Some sources give Bagnall’s birth year as 1889, but this is incorrect. The earlier date of 1884 is confirmed by Bagnall’s birth certificate [General Register Office Ref.: Year 1884: Qtr S: Vol. 10a, page 990] and his given date of birth on the 1939 England and Wales Register [The National Archives; Kew, London, England; 1939 Register; Reference: Rg 101/2686b]. The date of 1889 was supplied to Laurence Mound by Frederick Laing (Mound 1968, pg 5), but it is not clear from where the inaccuracy originated.


References to Bagnall's illness: In a letter to Edward Bagnall Poulton dated 19 May 1926 (Bagnall 1926), Bagnall describes suffering a months-long bout of rheumatic fever, which avoided his heart, but caused arthritis in his wrists and hands with him needing therapy to recover their use. In a letter to Poulton dated 29 November 1932, Bagnall apologies for a delay in communication due to being 'crocked up' (Bagnall 1932). In a letter to Martin Hinton dated 19 March 1942, Bagnall describes having been 'laid up with a 'flu'-cold' (Bagnall 1942a).


For calculating the modern equivalent of historical values, the UK National Archives historical currency calculator (1270-2017) (The National Archives 2017) has been used as it allows historical currencies (e.g. shillings) at intervals of five or ten years to be converted to modern pounds. As the UK National Archives currency converter has not been updated since 2017, the 2017 values obtained from the National Archives historical currency calculator were then applied to the Bank of England's Inflation Calculator (Bank of England 2023) to arrive at an up-to-date value for 2023. The latest Bank of England Inflation figures available were, at the time of writing, dating from May 2023.
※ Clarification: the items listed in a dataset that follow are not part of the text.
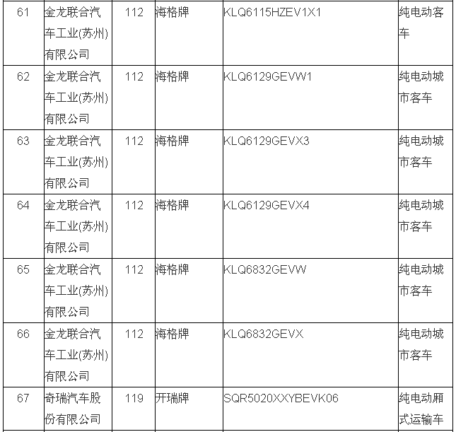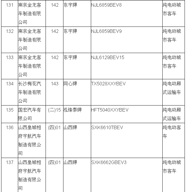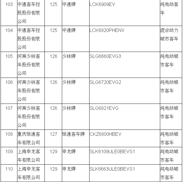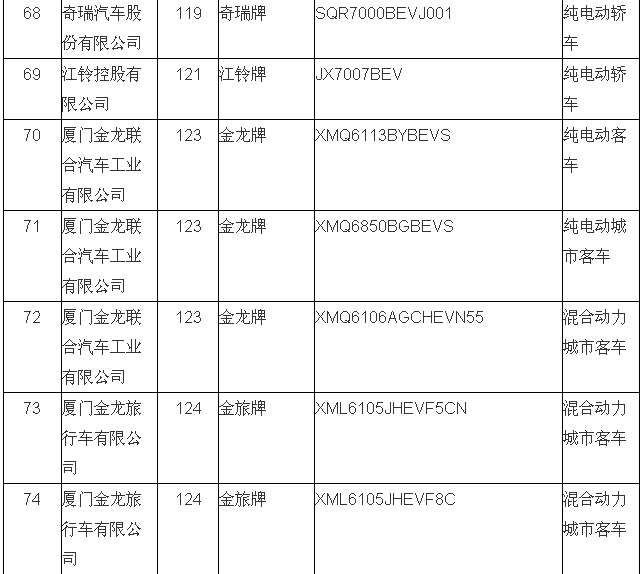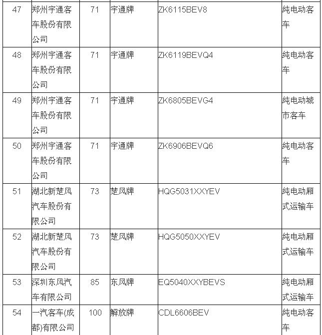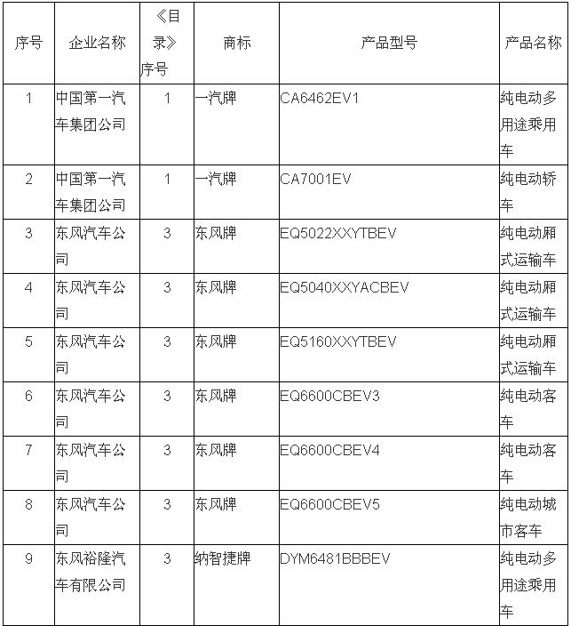 序號 企業(yè)名稱 《目錄》序號 商標 產品名稱 產品型號 1 中國第一汽車集團公司 1 解放牌 載貨汽車 CA1048 載貨汽車底盤 CA1085、CA1045、CA1250、CA1048、CA1200、CA1180 自卸汽車 CA3251 純電動城市客車 CA6124 純電動客車底盤 CA6124、CA6640 消防車底盤 CA
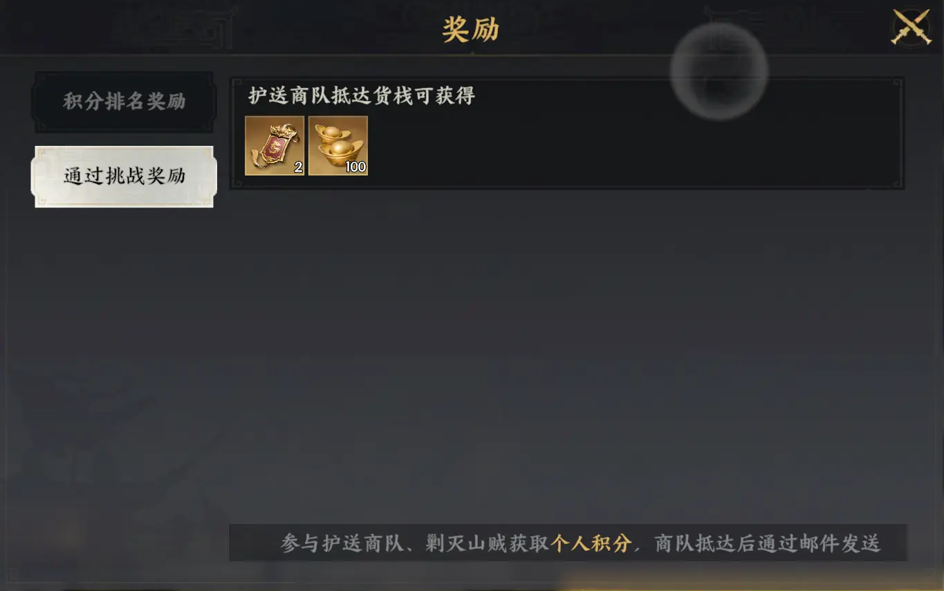 ●途中商队将遭遇山贼袭击,每次被攻击都将损失物资,物资减少会影响最终的奖励。
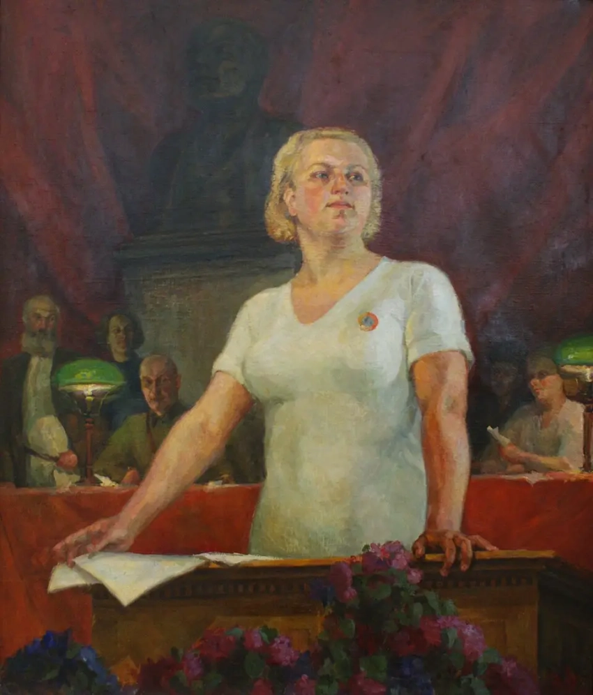 Художник Л. Ждановская. «Выступление стахановки», 1940 г.

The R. S. Bagnall and Co. company records are catalogued at Durham Record Office Archives in the files related to Hanby Holmes Solicitors [ref: Hanby Holmes D/HH 10]. Durham Record Office Archives are currently inaccessible due to relocation, so I have used information, based upon the catalogue listings rather than being able to consult the documents in person.


Leverhulme keep no records for rejected applications from this period so if no record exists, it was not a successful application (A. Grundy pers. Comm).